| Entries provided |
--- START ---

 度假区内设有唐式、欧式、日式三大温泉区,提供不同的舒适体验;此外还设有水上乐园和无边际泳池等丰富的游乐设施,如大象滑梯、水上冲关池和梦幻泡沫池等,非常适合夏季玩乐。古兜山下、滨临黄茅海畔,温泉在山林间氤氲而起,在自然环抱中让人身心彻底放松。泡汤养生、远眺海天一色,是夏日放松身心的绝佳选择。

--- END ---
--- START ---

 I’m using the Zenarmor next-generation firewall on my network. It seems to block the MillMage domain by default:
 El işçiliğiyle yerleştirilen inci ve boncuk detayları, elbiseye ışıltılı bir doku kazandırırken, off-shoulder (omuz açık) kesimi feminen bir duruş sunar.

--- END ---

In the entries above, find the line holding "I’m using the" and the line holding "El işçiliğiyle yerleştirilen"; print both of them and every line between, exactly, and nothing else.

| Solution to this exercise |
 I’m using the Zenarmor next-generation firewall on my network. It seems to block the MillMage domain by default:
 El işçiliğiyle yerleştirilen inci ve boncuk detayları, elbiseye ışıltılı bir doku kazandırırken, off-shoulder (omuz açık) kesimi feminen bir duruş sunar.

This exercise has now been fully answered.